Typically, investors in projects wouldn’t be seen as consumers. On a traditional funding model investment would be seen as a business to business transaction that would not attract the special protections of the EU Consumer Law acquis. However, the Kickstarter model is different. With its encouragement for large numbers of small investments in return for a reward, perhaps a copy of the good that results from the completed project or for creative possibilities (such as an appearance as a character in a crowdfunded book; a personal interaction with the creator; or a memento provided by the backer), the model doesn’t look like professional investment, but instead more like a model that involves a relationship between business and consumer. This is supported by the findings of research into Kickstarter, which shows that “most of the contributors at any point in the funding cycle are one-time backers that likely come from the entrepreneur’s own social circle.” This can be contrasted with peer-to-peer lending sites, such as Prosper, which may seem much more like investment businesses, depending on the practice of the .

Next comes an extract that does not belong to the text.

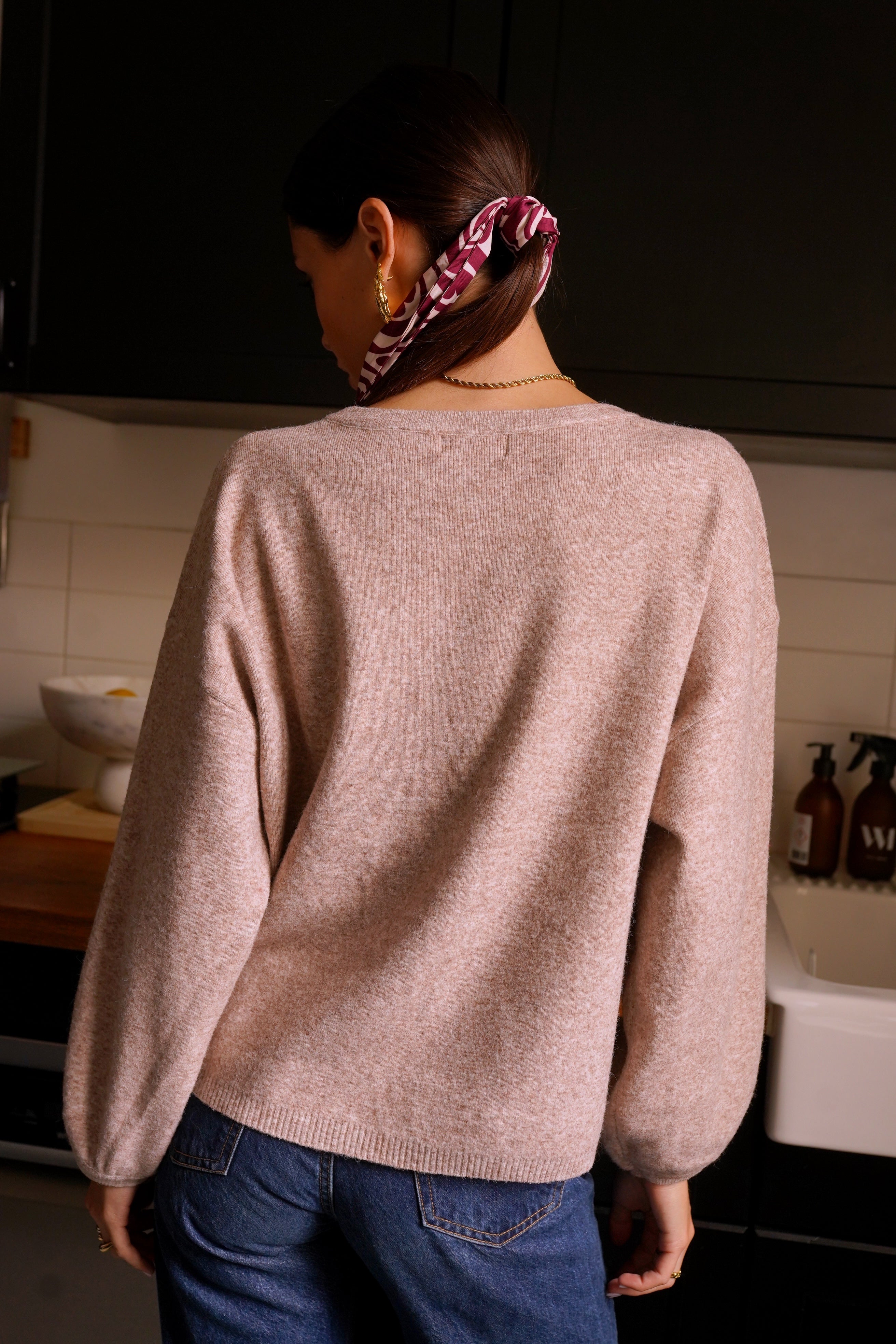 La maille Pypper apporte une touche de modernité à vos looks de saison. Tricotée dans une teinte beige chiné douce et lumineuse, elle se distingue par son encolure ronde prolongée d’une série de liens à nouer sur le devant. Ces détails apportent une note originale et féminine, jouant entre esprit casual et sensualité subtile. Sa coupe droite et ses manches légèrement amples en font une pièce confortable et facile à porter au quotidien.

In order to assess whether backers have the protection of the Unfair Commercial Practices Directive, it is first necessary to decide whether one of the parties is a consumer. Consumers are defined in the Unfair Commercial Practices Directive as “individual[s] who in relation to a commercial practice is acting for purposes which are outside his business.” It appears that in most cases the backers will not be professional investors, and will therefore be consumers. These backers will see the project not as a investment, but as a potential pre-sale of something that has not yet been created. They should therefore be protected as consumers and not treated as investors. Second, one must decide whether the creator is a trader. Traders as defined as those “acting for purposes relating to his business.” In some cases the creators are clearly businesses, but in others the status is less obvious (for example, projects involving arts or dance). Where the creator is not a trader, the relationship will be a consumer-consumer contract, and outside the scope of consumer law. The backer will be thrown back on the contract, with the challenges discussed above. Finally, it must be demonstrated that the misleading action is “directly connected with the promotion, sale or supply of a product to or from consumers.” In most cases the Kickstarter page will be concerned with the promotion of a product, and in some cases the reward will involve supply. Product is defined broadly to mean any good or service, so will cover most projects funded on Kickstarter or the rewards offered by the creator. However, it may be argued that where the project is neither involves the production of a good or the performance of a service, and the reward is intangible, then the Unfair Commercial Practices Directive is not engaged.

If the Directive is engaged, and a misleading action can be shown, enforcers may be able to obtain an injunction to prevent the misleading information being published. This power is found in the Enterprise Act 2002 part 8. Following the changes to the Enterprise Act by the Consumer Rights Act 2015, public enforcers may also be able to secure redress for backers who have suffered loss as a result of misleading actions by creators.